--- Task requirements ---
Please give back the listing below word for word, without the images.

--- Recorded information ---
= = =

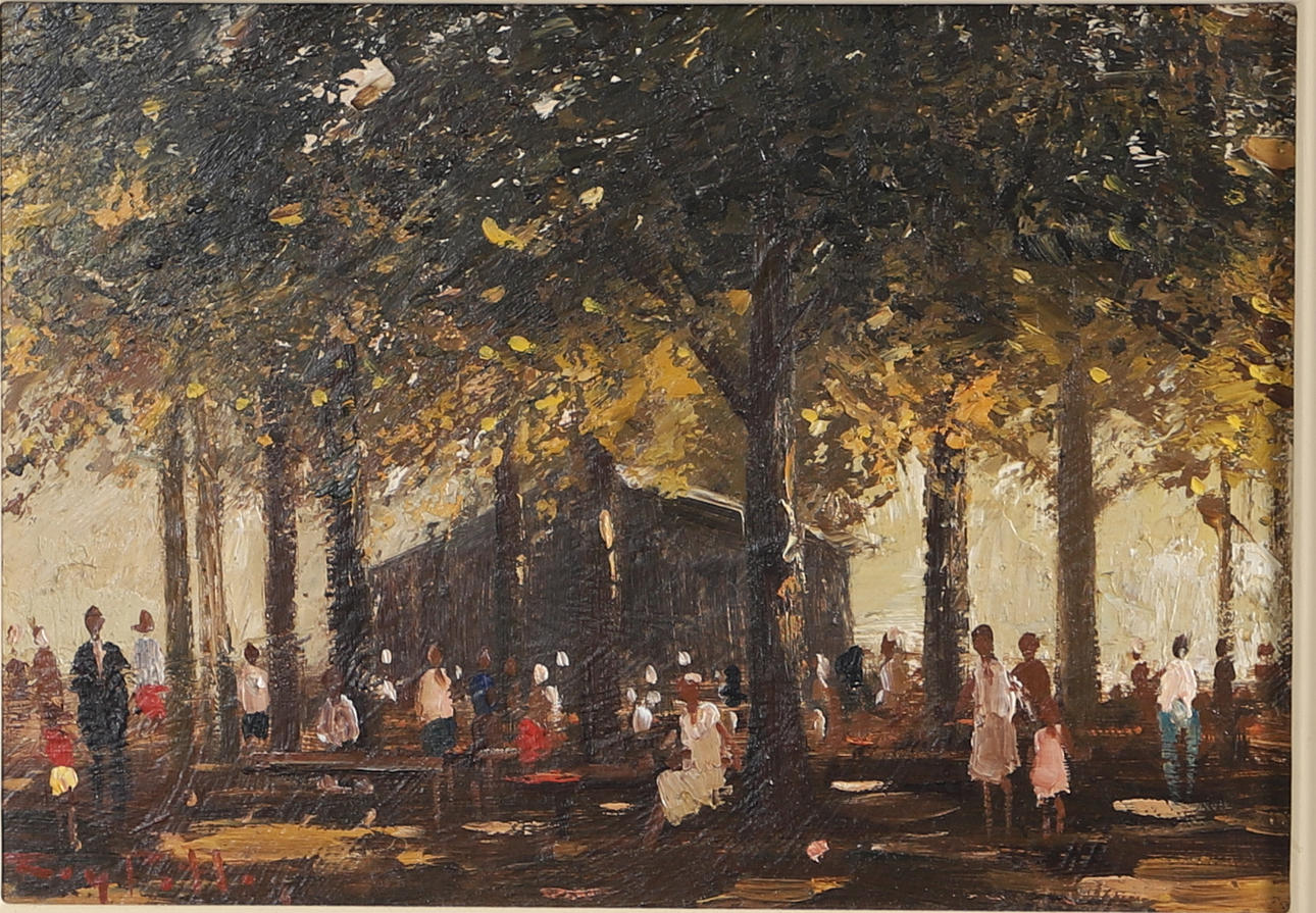 Signed lower left, oil on board, 24cm x 35cm (46cm x 56cm including frame).
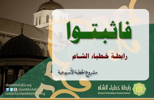 والثبات عزيز ولا يكون إلا لمن قوي إيمانه وعظمت ثقته بربه؛ لأن ما يحصل اليوم يبعث على اليأس لولا ان الله بشرنا بنصر هذا الدين، وبالتمكين للمسلمين، وأن كيد الكفار إلى بوار، وأن أموالهم وأسلحتهم ستكون عليهم حسرة، وأنهم سيُغلبون، وأن الله سينتقم لعباده المستضعفين، وأنه أعد لهم جنة سيبلغون منازلها بالشهادة في سبيله.
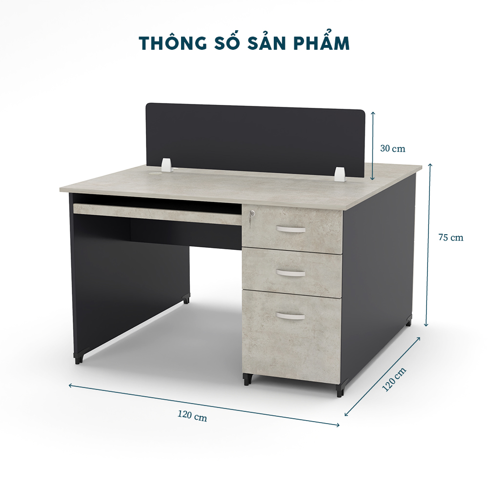 - Không gian làm việc cho 2 người: Thiết kế thông minh với kích thước phù hợp, giúp tiết kiệm diện tích mà vẫn đảm bảo sự thoải mái và riêng tư cho người dùng.

= = =

--- Solution to this problem ---
 Signed lower left, oil on board, 24cm x 35cm (46cm x 56cm including frame).
 والثبات عزيز ولا يكون إلا لمن قوي إيمانه وعظمت ثقته بربه؛ لأن ما يحصل اليوم يبعث على اليأس لولا ان الله بشرنا بنصر هذا الدين، وبالتمكين للمسلمين، وأن كيد الكفار إلى بوار، وأن أموالهم وأسلحتهم ستكون عليهم حسرة، وأنهم سيُغلبون، وأن الله سينتقم لعباده المستضعفين، وأنه أعد لهم جنة سيبلغون منازلها بالشهادة في سبيله.
 - Không gian làm việc cho 2 người: Thiết kế thông minh với kích thước phù hợp, giúp tiết kiệm diện tích mà vẫn đảm bảo sự thoải mái và riêng tư cho người dùng.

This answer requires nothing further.